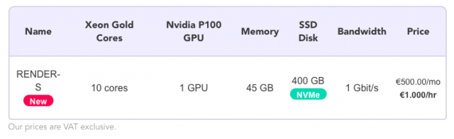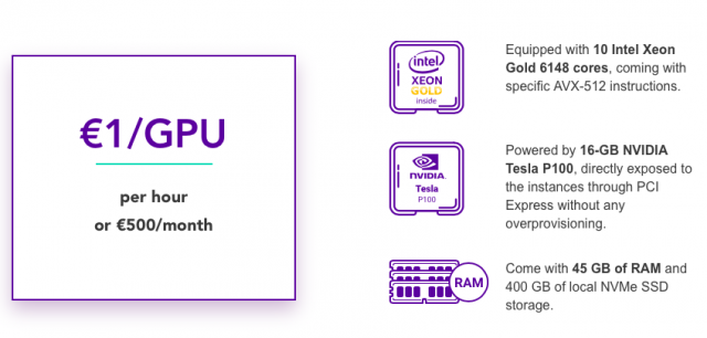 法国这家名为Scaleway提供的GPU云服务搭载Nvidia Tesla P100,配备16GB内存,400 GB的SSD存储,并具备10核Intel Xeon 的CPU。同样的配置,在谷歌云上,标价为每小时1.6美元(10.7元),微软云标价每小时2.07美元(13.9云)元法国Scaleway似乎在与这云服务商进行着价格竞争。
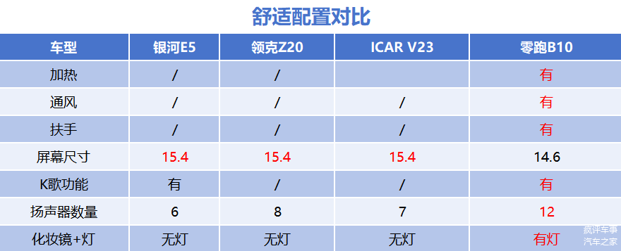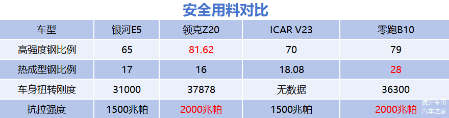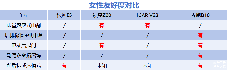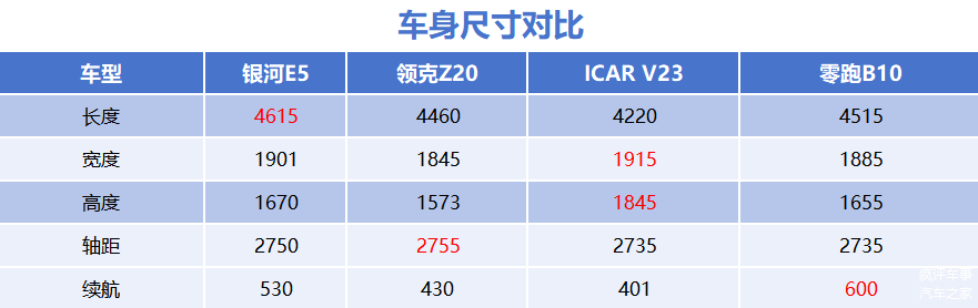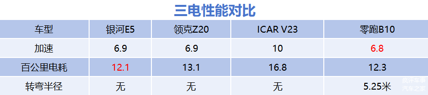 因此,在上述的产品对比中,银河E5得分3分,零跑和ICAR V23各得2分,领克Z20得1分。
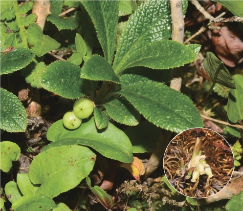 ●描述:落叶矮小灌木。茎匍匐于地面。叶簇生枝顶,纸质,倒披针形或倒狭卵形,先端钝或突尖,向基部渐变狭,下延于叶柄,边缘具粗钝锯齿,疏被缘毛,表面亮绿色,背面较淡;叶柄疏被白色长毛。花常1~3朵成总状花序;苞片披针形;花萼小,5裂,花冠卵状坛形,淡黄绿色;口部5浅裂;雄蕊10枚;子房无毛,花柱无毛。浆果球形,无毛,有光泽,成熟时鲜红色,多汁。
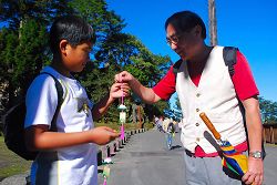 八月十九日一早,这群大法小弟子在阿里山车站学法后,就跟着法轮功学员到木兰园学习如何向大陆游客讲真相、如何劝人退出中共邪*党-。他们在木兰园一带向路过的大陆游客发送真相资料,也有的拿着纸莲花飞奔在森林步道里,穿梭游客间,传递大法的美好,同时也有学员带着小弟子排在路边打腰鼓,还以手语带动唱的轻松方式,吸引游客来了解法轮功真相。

[WHAT YOU WILL DO] Pictures excluded, copy the lines exactly from where the material starts to the line with "因此,在上述的产品对比中,银", inclusive.

[EXERCISE OUTPUT]
 法国这家名为Scaleway提供的GPU云服务搭载Nvidia Tesla P100,配备16GB内存,400 GB的SSD存储,并具备10核Intel Xeon 的CPU。同样的配置,在谷歌云上,标价为每小时1.6美元(10.7元),微软云标价每小时2.07美元(13.9云)元法国Scaleway似乎在与这云服务商进行着价格竞争。
 因此,在上述的产品对比中,银河E5得分3分,零跑和ICAR V23各得2分,领克Z20得1分。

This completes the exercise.